方法:在831例ACS患者中,我们评估了ACS后前2个月的LDL-C降低作为早期干预指标,并以70mg/dl作为未来6个月的阈值(AOC-70)作为持续强度指数,评估了LDL-C曲线上的面积.对患者进行CVE随访的中位数为3.0(1.1-5.2)年,定义为心血管死亡的复合物,非致死性心肌梗死,需要血运重建的心绞痛,脑梗塞,和冠状动脉搭桥术.
结果:LDL-C从基线下降到ACS后2个月(107±38mg/dl至78±25mg/dl,p<0.001)通过高强度他汀类药物处方(91.8%),而在2个月时LDL-C<70mg/dl的发生率仅保持40.2%,此后无明显变化。在后续期间,200例患者发生CVE。前2个月的LDL-C降低和后6个月的AOC-70均与随后的CVE风险相关(HR[风险比][95%置信区间]:1.48[1.16-1.89]和1.22[1.05-1.44])。此外,早期干预后持续强化LDL-C降低治疗可进一步降低CVE风险.

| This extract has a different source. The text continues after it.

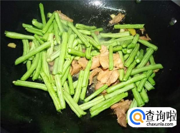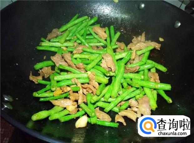 瘦肉翻炒变颜色后,倒入豆角翻炒,加入适量的盐,大火翻炒。
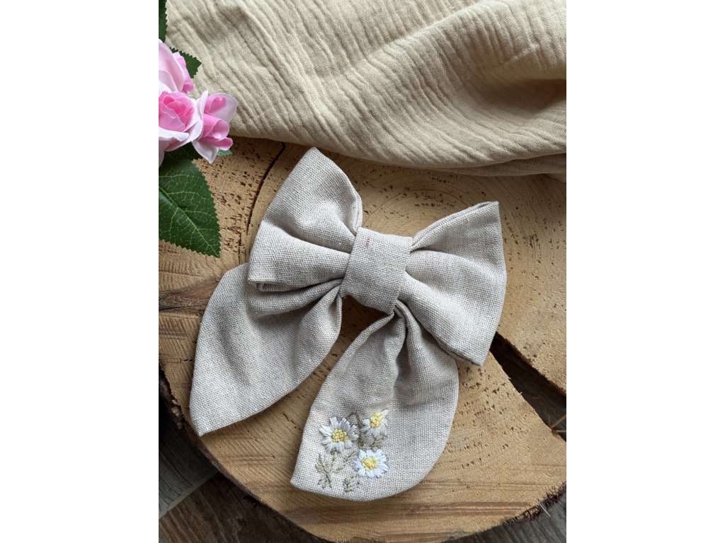 Vyšívaná mašle do vlasů s motivem květin

结论:本研究观察到,在ACS后的前两个月内实现早期和密集的LDL-C降低并在接下来的六个月内保持其抑制了随后的CVE风险,表明早期的重要性,密集,和持续的LDL-C降低治疗在ACS二级预防中的应用。
方法:在831例ACS患者中,我们评估了ACS后前2个月的LDL-C降低作为早期干预指标,并以70mg/dl作为未来6个月的阈值(AOC-70)作为持续强度指数,评估了LDL-C曲线上的面积.对患者进行CVE随访的中位数为3.0(1.1-5.2)年,定义为心血管死亡的复合物,非致死性心肌梗死,需要血运重建的心绞痛,脑梗塞,和冠状动脉搭桥术.
结果:LDL-C从基线下降到ACS后2个月(107±38mg/dl至78±25mg/dl,p<0.001)通过高强度他汀类药物处方(91.8%),而在2个月时LDL-C<70mg/dl的发生率仅保持40.2%,此后无明显变化。在后续期间,200例患者发生CVE。前2个月的LDL-C降低和后6个月的AOC-70均与随后的CVE风险相关(HR[风险比][95%置信区间]:1.48[1.16-1.89]和1.22[1.05-1.44])。此外,早期干预后持续强化LDL-C降低治疗可进一步降低CVE风险.
结论:本研究观察到,在ACS后的前两个月内实现早期和密集的LDL-C降低并在接下来的六个月内保持其抑制了随后的CVE风险,表明早期的重要性,密集,和持续的LDL-C降低治疗在ACS二级预防中的应用。